What resin are you using, and could you describe your post-processing steps?
I assume the prints still look good after you remove them from the build platform (i.e. you’re not bending them out of shape in that step). I also assume they’re adequately supported (support density and contact size).
I wash in the Form Cure per the recommended settings from Formlabs. You want to shorten the time for parts that have small, thin, delicate features. I’ll often wash really delicate parts by hand instead, using the squeeze bottle. Then let them completely dry before curing in the Form Cure, again at the recommended settings (which vary per resin). Make sure you orient them in the chamber so the UV light hits them evenly (i.e. try to avoid one side getting persistently shadowed by another part).
The reason I suggest making sure the prints are complete dry before curing, is that alcohol swells them. You want them to un-swell before the extra curing locks the shape in place. In practice, you can get away with putting them in earlier, especially since preheating speeds the evaporation process, but I wouldn’t get too aggressive with that while you’re trying to troubleshoot issues.
Changing the alcohol every 15 washes sounds to me like it should be more than sufficient.
I assume you haven’t noticed any warping in your prints during the above steps or you would have said so.
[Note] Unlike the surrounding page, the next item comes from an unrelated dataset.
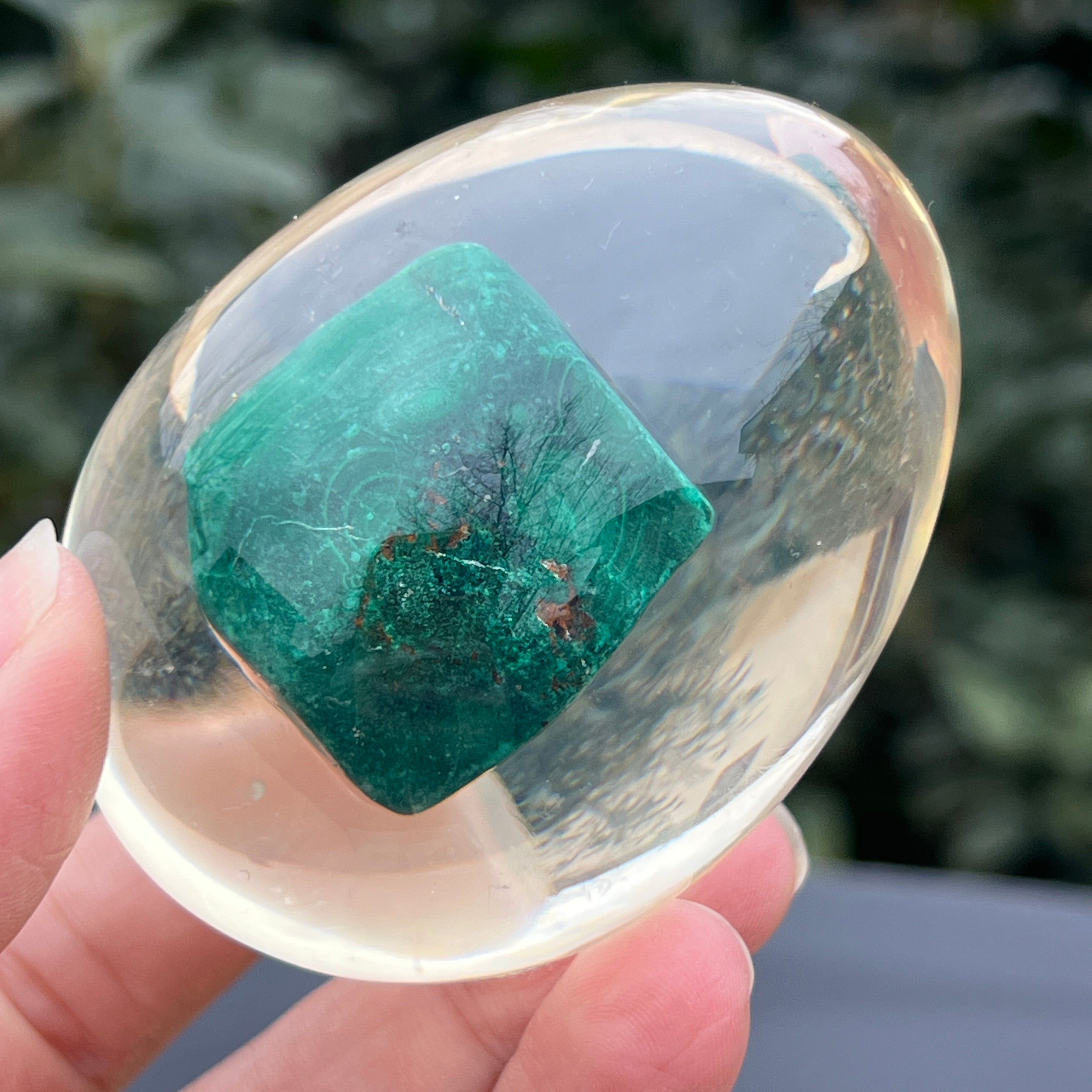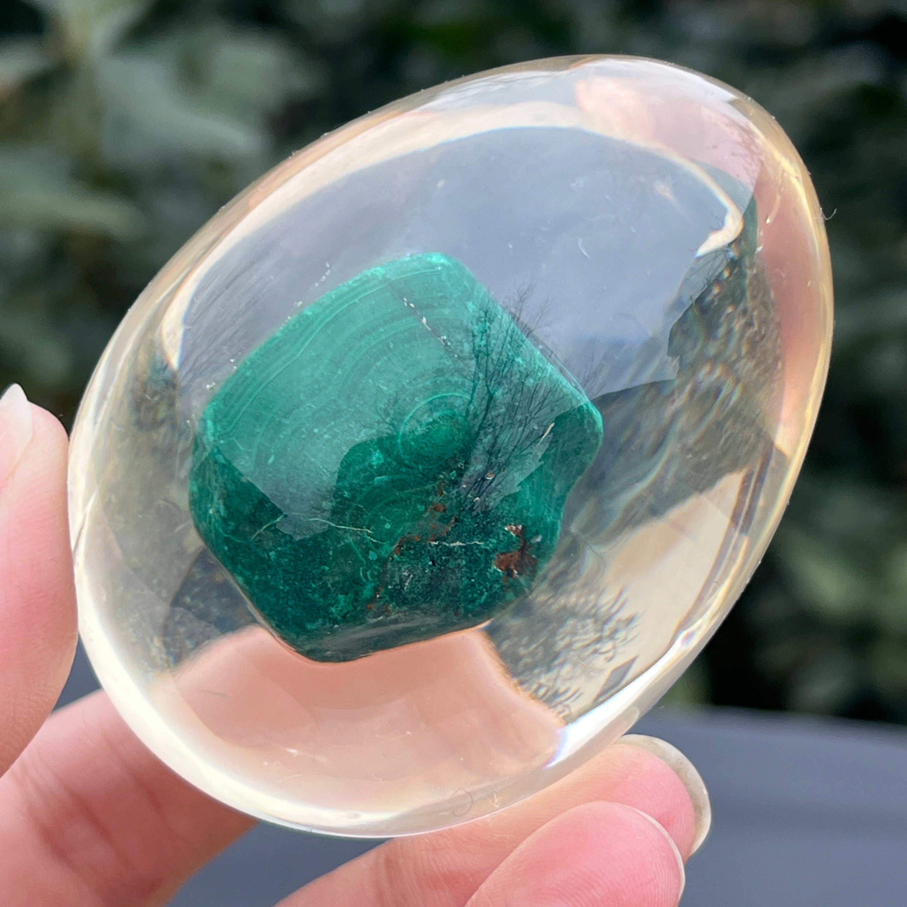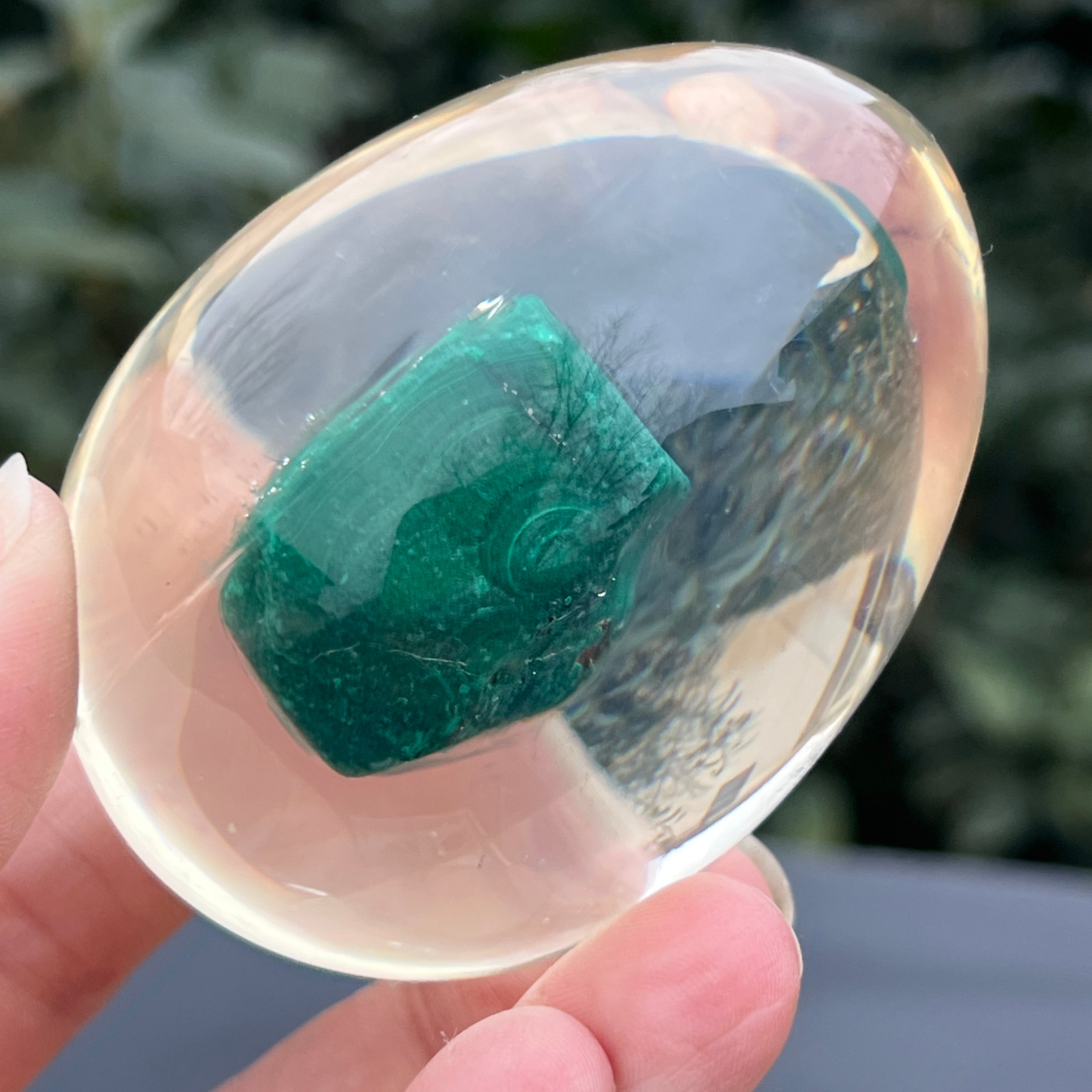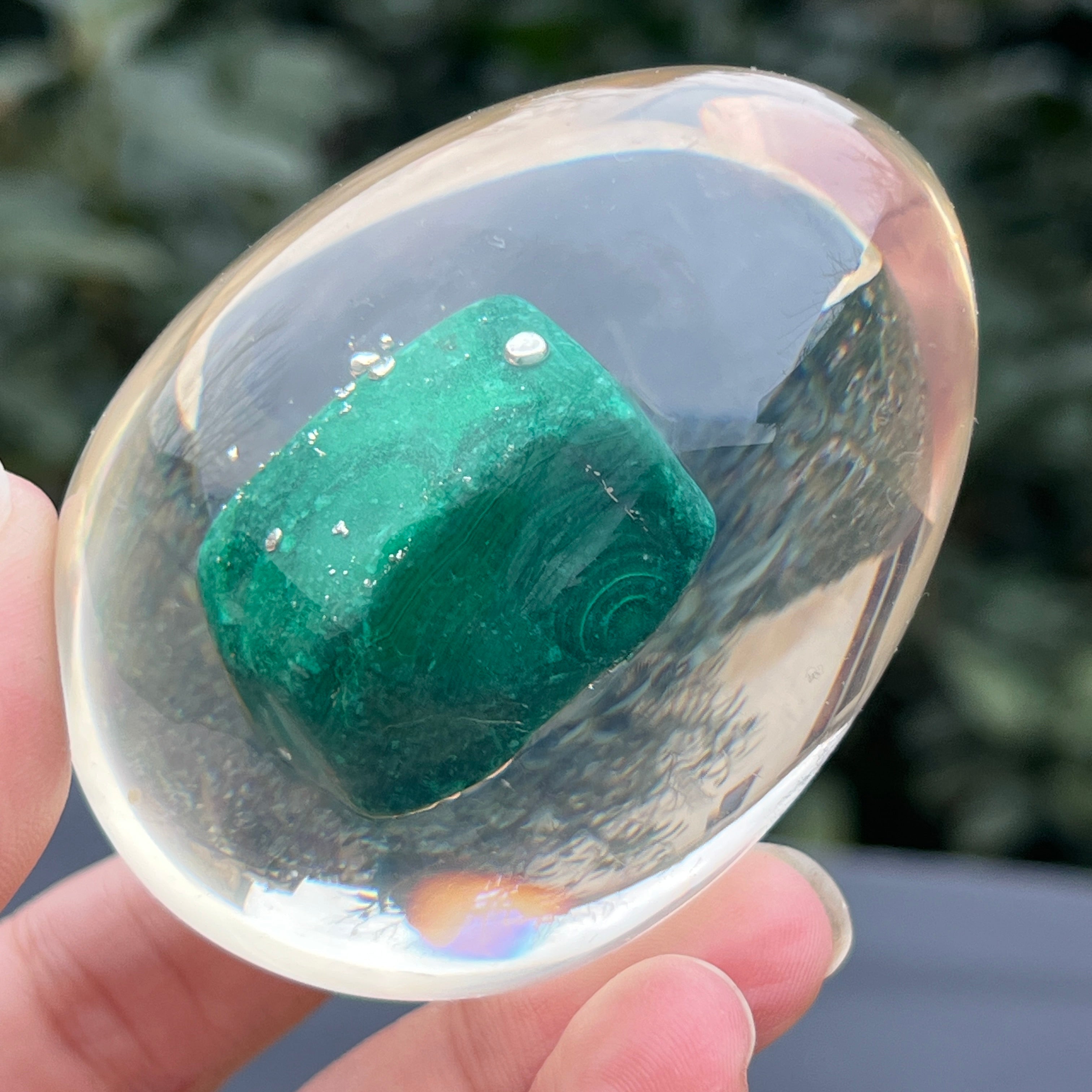 Яйце от малахит в смола от Конго, модел 1, размер: 7.1 * 5.3 см

The size, shape and orientation of your print can also contribute to warping after the fact. e.g. I made a large, bulky bracket out of a much earlier version of Tough resin. Even though it was super well supported, a large flat surface kept coming out slightly bent. After the print, the bend worsened a bit over time (just sitting on the desk without being installed anywhere). The older Tough resin wasn’t as stiff, which was part of the issue (the exact same print in Standard came out just fine). However, the shape and orientation also contributed. When the resin cures, the new layer shrinks a little bit which can introduce internal stresses that pull inward on the edges of your print and make them warp ever so slightly away from the rest of the layer. When the edges are always near the same area of the print surface, the forces can stack and exacerbate the problem. In my case I suspect the internal stresses remained to some degree even after the print was cured and made the warping a little worse over time.
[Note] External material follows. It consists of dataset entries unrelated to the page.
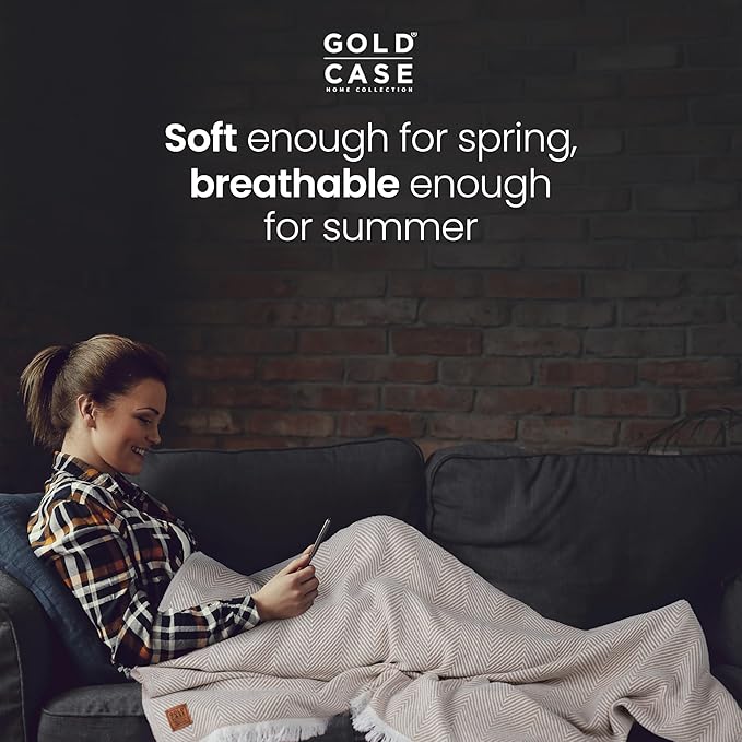 Gold Case Throw Blanket for Couch – 100% Recycled Turkish Cotton Blankets & Throws – Elegant Decorative Throw Blankets for Living Room Sofa – Woven Throws for Couch – Elegant Beige – 50x60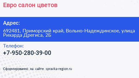 Евро, салон цветов по адресу 692481, Приморский край, Вольно-Надеждинское, улица Рихарда Дрегиса, 2Б в дальнейшем Организация, размещена в следующих категориях:
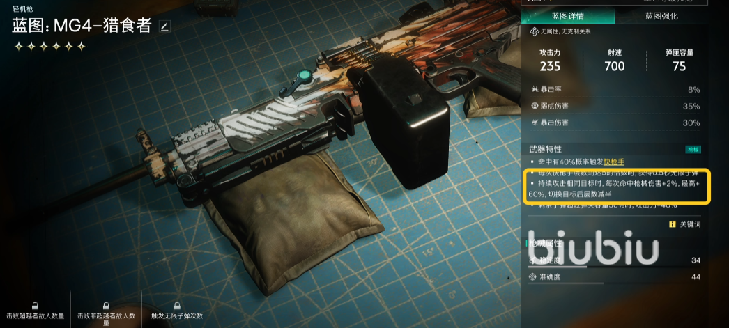 该武器推荐的原因之一也是获取比较方便,前期就能拿到,同样作为轻机枪,它的攻击力虽然没有爆炸那么强悍,但是攻击力也是相当不错了。其他的数值也是比较均衡的。它的特性,就是在每次命中敌方单位时,有40%的概率触发快枪手的效果,这个效果可以让攻击速度得到较大的提升,而且最多可叠加5层,并且还能得到无限子弹的效果,如果持续的攻击同一目标,后续的伤害还会增强,不管是对单,还是对群都是值得信赖的选择。

Changing the orientation helped a little - doing so “swept” the active layer across the build area as the print progressed, spreading out the effect. Unfortunately it didn’t completely eliminate the problem (I was somewhat limited on orientations to choose from due to the size of the part) and I wound up going with Standard instead, although given material improvements since then I’m fairly convinced if I tried the same print in Tough v5 / 1500 / 2000 the adjusted orientation would work fine today. If you have the design flexibility, there may be other tricks you can do with the geometry to lessen the effect (e.g. try honeycombing or other patterns).
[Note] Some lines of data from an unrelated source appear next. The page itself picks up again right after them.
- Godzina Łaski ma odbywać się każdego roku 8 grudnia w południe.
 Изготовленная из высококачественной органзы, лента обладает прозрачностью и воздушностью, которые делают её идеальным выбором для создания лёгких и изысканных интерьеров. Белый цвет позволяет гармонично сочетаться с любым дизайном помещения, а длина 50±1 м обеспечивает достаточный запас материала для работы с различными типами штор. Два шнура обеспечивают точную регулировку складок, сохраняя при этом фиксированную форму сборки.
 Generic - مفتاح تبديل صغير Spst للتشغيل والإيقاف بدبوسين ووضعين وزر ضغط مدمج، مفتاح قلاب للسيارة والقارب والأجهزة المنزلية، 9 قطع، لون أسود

Finally, what are you doing with your print after it’s finished? e.g. If it’s flat like a pancake and you leave it out in the sun for a week, it will eventually curl upward as the top side undergoes additional curing but the bottom doesn’t. Also, most of the resins don’t excel under static load - e.g. Tough resin will “droop” over time from a sustained force. Depending on your application, other resins (e.g. Rigid) may be more suitable and offer enhanced rigidity true to the originally designed shape.
I’ve covered a lot of things that might contribute to warping, perhaps others will have additional suggestions. In the meantime, best of luck troubleshooting and resolving the problem! The folks over at Formlabs Support are pretty friendly and knowledgeable as well if you still have difficulty figuring it out.